* **Work instructions**
Images don't belong in the copy. Output the rest of the data exactly.

* **Collected material**
==================================================

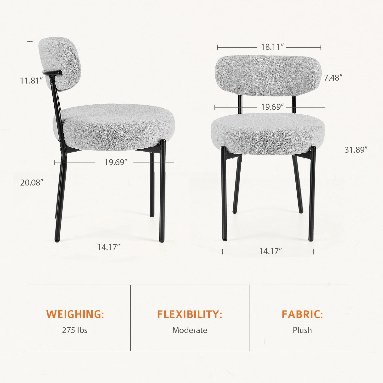 Ljustra Ergonomic Round Dining Chairs Set of 2 Plush Fabric Kitchen Chairs
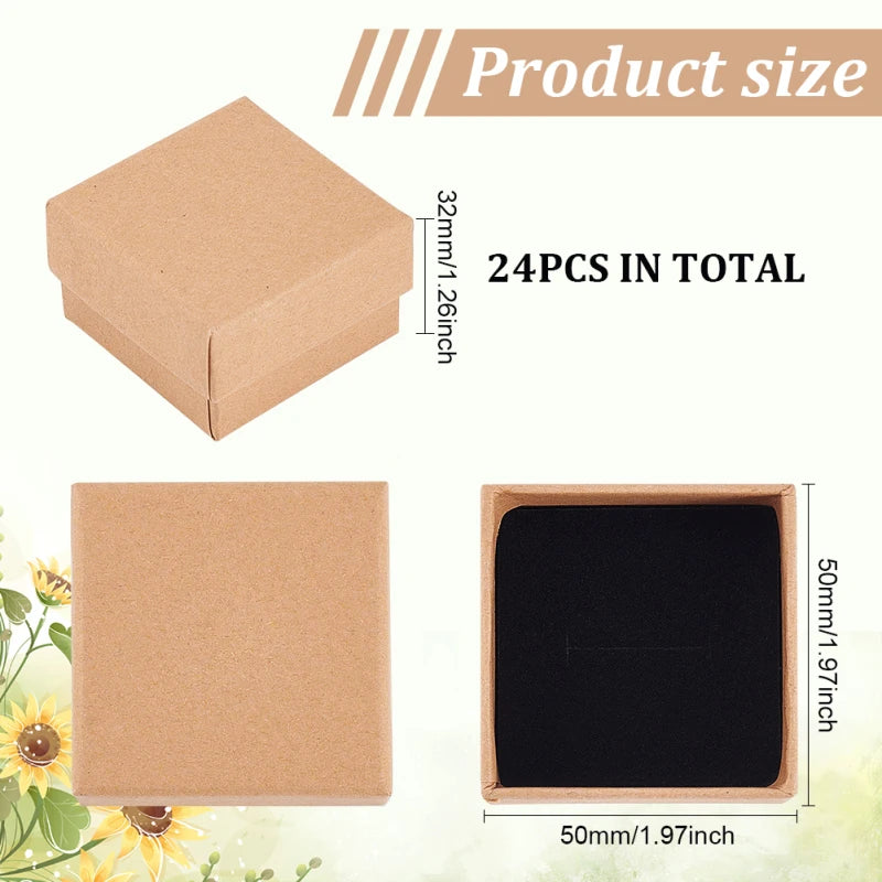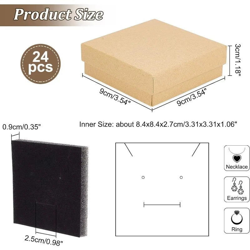 24 Pcs Cardboard Jewelry Boxes 3.54×3.54x1.18 Square Cardboard Box Paper Kraft Paper Gift Packaging Box for Christmas
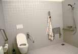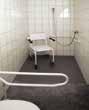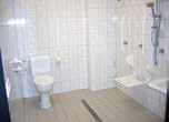 Naast het toilet van de aangepaste badkamer (zie onder) is er nog een aangepast toilet met voldoende opstelruimte en beugels (foto 2).

==================================================

* **Written solution**
 Ljustra Ergonomic Round Dining Chairs Set of 2 Plush Fabric Kitchen Chairs
 24 Pcs Cardboard Jewelry Boxes 3.54×3.54x1.18 Square Cardboard Box Paper Kraft Paper Gift Packaging Box for Christmas
 Naast het toilet van de aangepaste badkamer (zie onder) is er nog een aangepast toilet met voldoende opstelruimte en beugels (foto 2).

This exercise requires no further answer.